ACTIVITY:
An exact repeat is needed of the lines from the one with "ほどよい厚みと柔らかな肌ざわ" through the last line of the data below. Please omit the pictures.

** INFORMATION SUPPLIED follows **

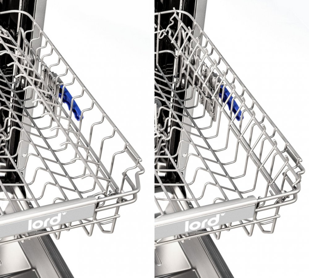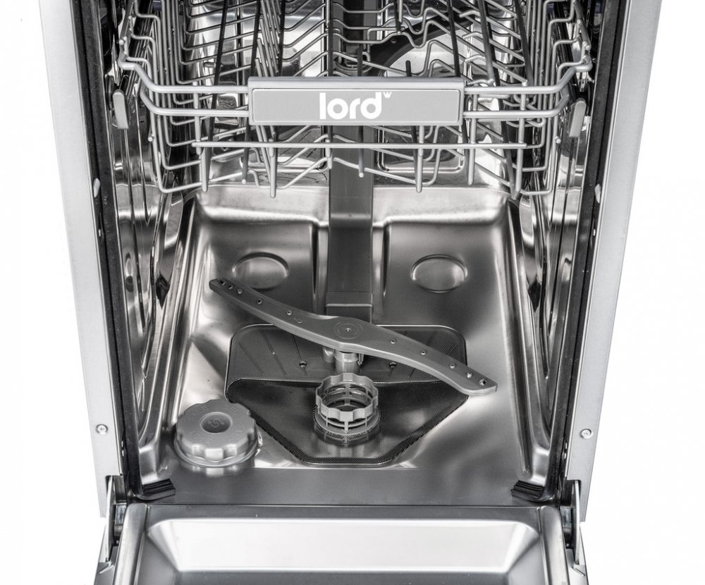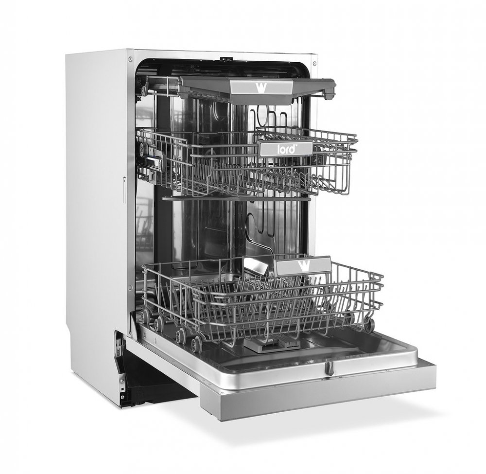 Vestavná myčka nádobí LORD D6 o šířce 45cm se řadí do energetické třídy C. Potěší vás i prodloužená pětiletá záruka. Myčka dokáže pojmout celkem 10 jídelních sad. Její vnitřní prostor je uspořádán tak, aby se každý kus nádobí ze sady dokonale umyl a usušil. Nádobí se dá rozdělit do celkem 3 úrovní. Horní koš je výškově nastavitelný a to i při jeho plném naplnění.
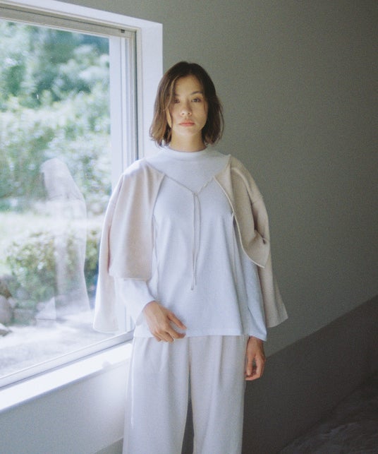 ほどよい厚みと柔らかな肌ざわりが心地よく、1枚でもきれいに決まり、重ね着にもなじむ万能な一着。
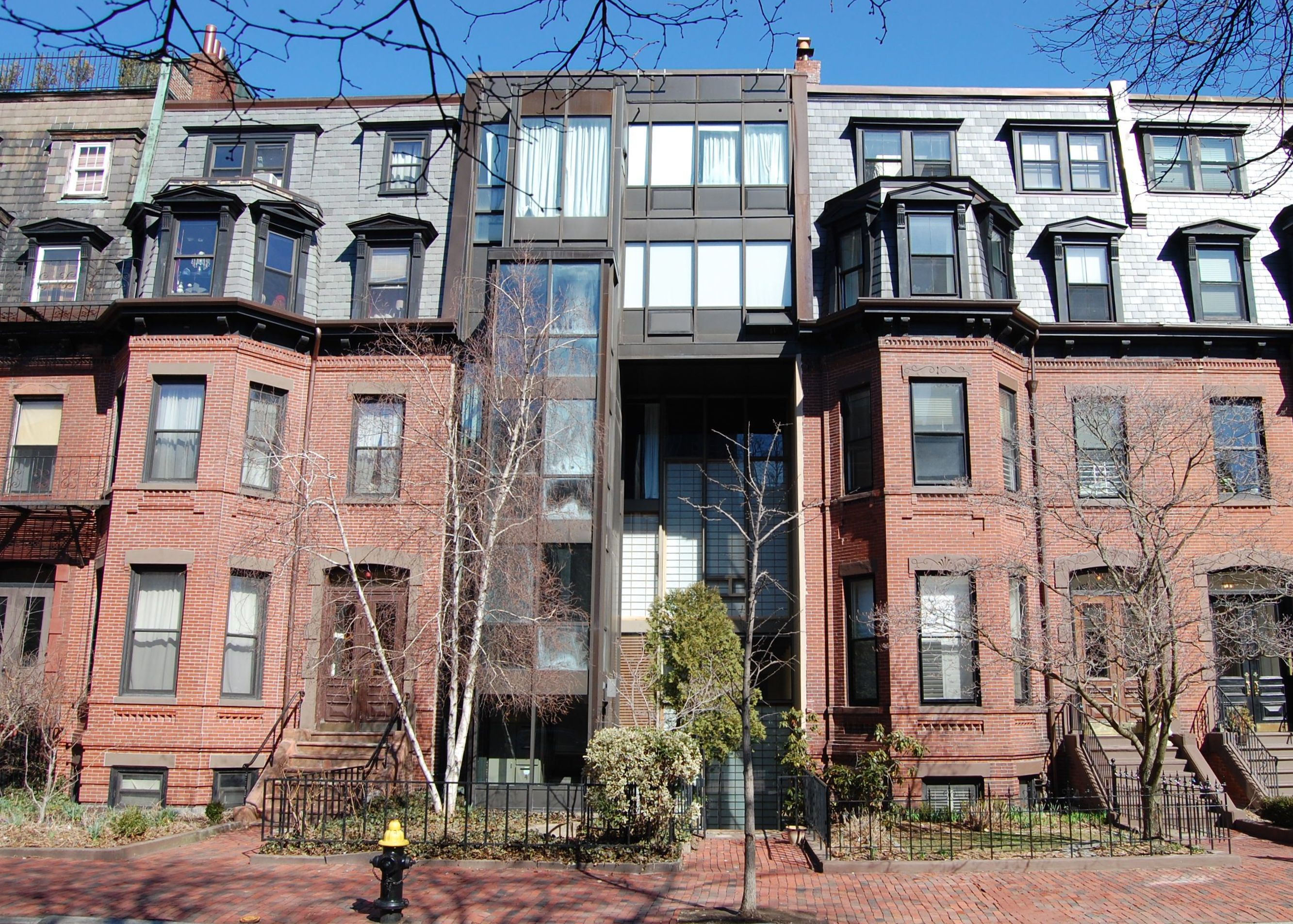 353 Marlborough was designed by Krokyn and Krokyn, architects, and built in 1958-1959 on a vacant lot where the original townhouse, built ca. 1871, had been demolished after being severely damaged by fire on May 7, 1935. The new house was built as a two-family dwelling using the foundation of original townhouse.

** End of INFORMATION SUPPLIED **

OUTPUT:
 ほどよい厚みと柔らかな肌ざわりが心地よく、1枚でもきれいに決まり、重ね着にもなじむ万能な一着。
 353 Marlborough was designed by Krokyn and Krokyn, architects, and built in 1958-1959 on a vacant lot where the original townhouse, built ca. 1871, had been demolished after being severely damaged by fire on May 7, 1935. The new house was built as a two-family dwelling using the foundation of original townhouse.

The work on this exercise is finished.